Find the power of set of all choice functions for P($N$) - {0}.

The Attempt at a Solution

I really don't know how to start with that. Hope you will give some clues.

 

[mtayab1994]

Try to look at P(N)=2^n

How many numbers are in N-{0}?

 

[ben21]

There are $\aleph$ (aleph zero) numbers in N-{0}...
So 2^$\aleph$ equals $\Im$ (continuum)... So it proves, that the power of P(N) equals $\Im$.. However, how to combine it with a choice function?

 

[mtayab1994]

Ok so you said P(N) has N amount of number except zero. Now what do you say for this?f(N)=??

 

[ben21]

by "P(N) has N amount of number except zero" are you meaning, that P(N) has $\aleph$ one-element subsets excpet zero?

f(N)? Do you mean one-element subsets by N as argument?

 

[mtayab1994]

by "P(N) has N amount of number except zero" are you meaning, that P(N) has $\aleph$ one-element subsets excpet zero?

f(N)?
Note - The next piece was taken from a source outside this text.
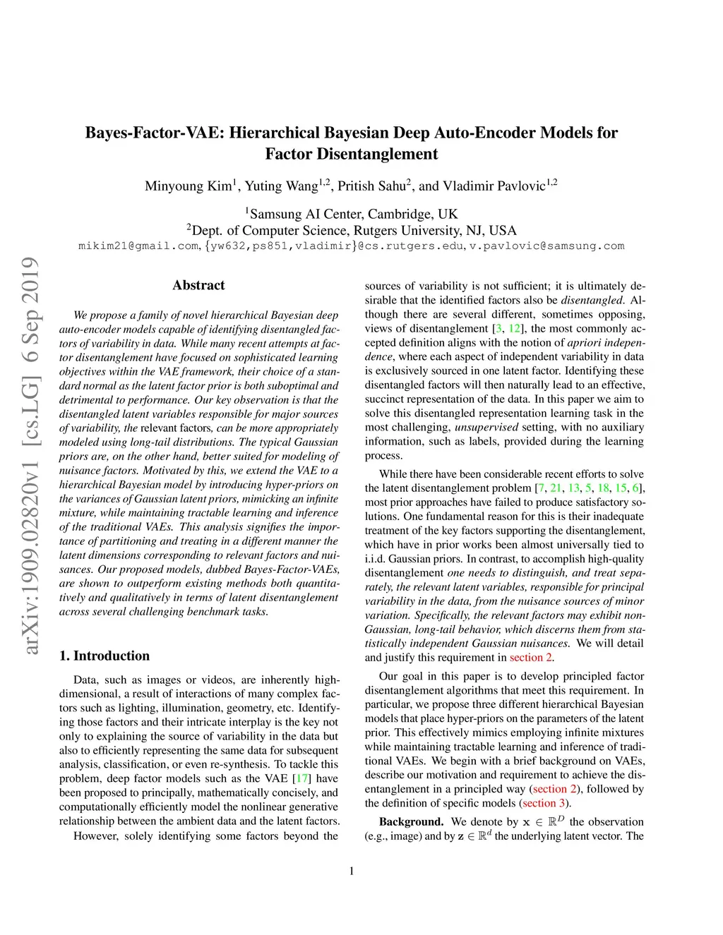 We propose a family of novel hierarchical Bayesian deep auto-encoder models capable of identifying disentangled factors of variability in data. While many recent attempts at factor disentanglement have focused on sophisticated learning objectives within the VAE framework, their choice of a standard normal as the latent factor prior is both suboptimal and detrimental to performance. Our key observation is that the disentangled latent variables responsible for major sources of variability, the relevant factors, can be more appropriately modeled using long-tail distributions. The typical Gaussian priors are, on the other hand, better suited for modeling of nuisance factors. Motivated by this, we extend the VAE to a hierarchical Bayesian model by introducing hyper-priors on the variances of Gaussian latent priors, mimicking an infinite mixture, while maintaining tractable learning and inference of the traditional VAEs. This analysis signifies the importance of partitioning and treating in a different manner the latent dimensions corresponding to relevant factors and nuisances. Our proposed models, dubbed Bayes-Factor-VAEs, are shown to outperform existing methods both quantitatively and qualitatively in terms of latent disentanglement across several challenging benchmark tasks.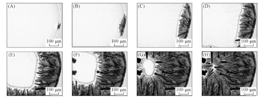 当液滴中NaCl含量较高时,盐并不是在液滴的边缘析出,而是在靠近边缘的位置析出。这可能是液滴蒸发初期毛细补偿流与Marangoni对流的竞争使得溶质在近边缘位置富集所致。此时,液滴边缘已成为凝胶区(表面张力小),而内部仍为液态区,因而析出的NaCl晶体将在内部液相表面张力的牵引下向内部运动,并逐渐形成更大尺寸的块状盐晶体。说明当NaCl浓度较高时,即使存在PTFE颗粒,仍有部分NaCl会按其自身生长特性形成多面体结构。而液滴边缘凝胶区枝晶的生长则与图2相类似,呈现出NaCl与胶体颗粒之间复杂耦合的特点。

Do you mean one-element subsets by N as argument?

No i mean that P(N) has an uncountable amount of subsets besides zero.

You have to construct a choice function f and whose range is N-{0}, such that f(N) is an element of N.

 

[ben21]

OK, but.. amount of subset of P(N) is more than natural numbers.. it is continuum, not aleph zero...
edit::: wrong... I'm a little bit confused.. We need to find a amount of functions f: P(B) -> n, where B is a proper subset of N and n in B...

 

[ben21]

So I think we are able to construct aleph zero these functions.. P(N) contains as subset the set of N so..
We can build this function like this:
F: P(N) -> N;
F(N) = {case 1 - the power of N equals aleph zero: G(N);
{case 2 - in other case (the power of N is less than aleph zer): max(N)

where G: P(N) -> N.
G(B) -> n, where P(N) containn B, and b in B. We can build aleph zero g functions, because we use it only if the argument of f functions has aleph zero power, so B als has alpeh zero functions - so the set of values of function G has also alpeh zero elements.

It is correct?